Added to this diminution of importance, agriculture itself, in becoming “industrialized,” demotes land to the status of personal property, something to be bought and sold, an investment less profitable than other forms because the returns are so much slower. With the coming of general industrialization and the industrialization of agriculture, the reciprocal bond between man and the land is broken. Land belongs to this man or that man, until such time as it may be relinquished for cash, but the man no longer belongs to the land. In becoming mere personal property. Reduced to mere personal property,
…land has become entirely detached from the personality of the landlord, with which it was once indissolubly united; it has consequently lost that peculiar force which it owed to a life spent in constant and unremitting contact with the soil.

Land—nature, natural resources, the earth--can make no legal or political claims on its own behalf. When the welfare of land is divorced from the interests of the landowner and the laborers in the field, land is no longer wealth to be protected but merely a means to wealth. And as other avenues are faster and surer, it is no wonder that little prestige attaches to farming.

The democratization of landed property, which de Ruggiero says began with the French Revolution, has also meant smaller pieces of property coming to be held by many more individuals, diffusing the any kind of unified political base among landowners. Without denying that there are good results, also, when the number of small landholders increases, de Ruggiero presents the downside of the shift:

If properties are too small, their owners’ minds turn to other preoccupations, professions, or employments, and the cultivation of the land becomes a subsidiary occupation. In this way they lose interest in all essentially agricultural problems, and bring with them into public life an outlook formed by the experiences and demands of their chief occupation. An excessive economic subdivision of the land pulverizes it politically; it becomes less and less able to resist the aggressive forces of industry and finance, acting through great concentrated masses, and usurping, even in mainly agricultural countries, a disproportionate share of public power.

Note that here again a false dilemma has been sidestepped. It is not a matter of small versus large landholders. The small farmer has not enough land to meet his needs, and legions of small farmers who make their living “off the farm” (to use the modern phrase) develop off-farm values or, at least, find themselves too weak individually to shape public policy, while “agribusiness,” with its enormous holdings, treats land like a factory, a capital investment to be maximized, large size purchased at such a price leaving no room for values other than those of the marketplace. The issue cannot, therefore, be large vs. small. Neither is abolishing private ownership a solution, as de Ruggiero makes clear. Such a move, it seems, would constitute a regression to slavery if human beings were tied to the land, and if they were not tied, no bond would be re-established in the absence of individual ownership.

Since writing that much, I have gone back to the beginning and am now engrossed by the section devoted to the history of the development of natural rights, so I won’t get into the problems de Ruggiero sees for Liberalism in industrialization and will resist the temptation to start quoting long passages from the beginning of the book.
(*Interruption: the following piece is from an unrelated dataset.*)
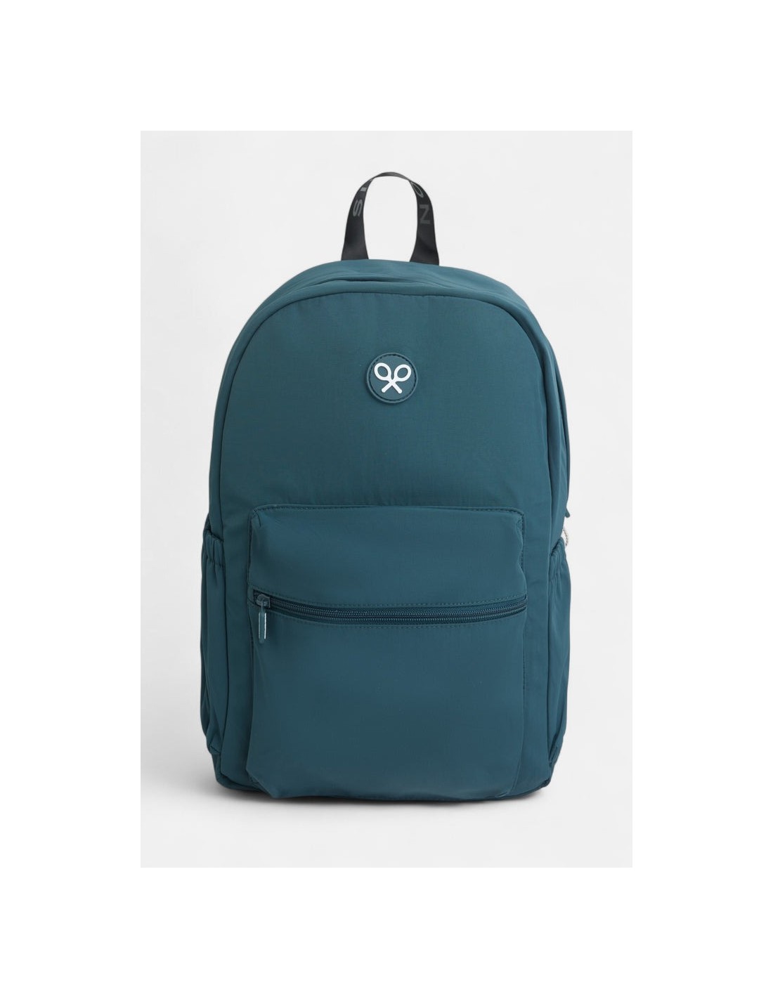 SilbonMochila técnica raquetas color verde. Presenta cierre de cremallera con tiradores personalizados. Contiene bolsillo frontal exterior, dos bolsillos laterales ideales para botellas de agua o cualquier tipo de complemento. Tiene detalle de logo de raqueta en blanco en el frontal.

In writing The History of European Liberalism, an admirably clear overview and synthesis, Guido de Ruggiero did not pretend to offer prescriptions for resolving the crisis of Liberalism, but 90 years after the publication of his book, we know what has happened in the interim, and his historical analysis can help to see the crisis of our own time in historical and context.

2 comments:

Gerry said...

Interesting thought - what if we could atomize industry and finance into small holdings? Would that diffuse their power? Sustainable commerce. Hmm.

P. J. Grath said...

As in, return to small town banks? Banks that held loans rather than selling them off? I could get behind an idea like that, Gerry.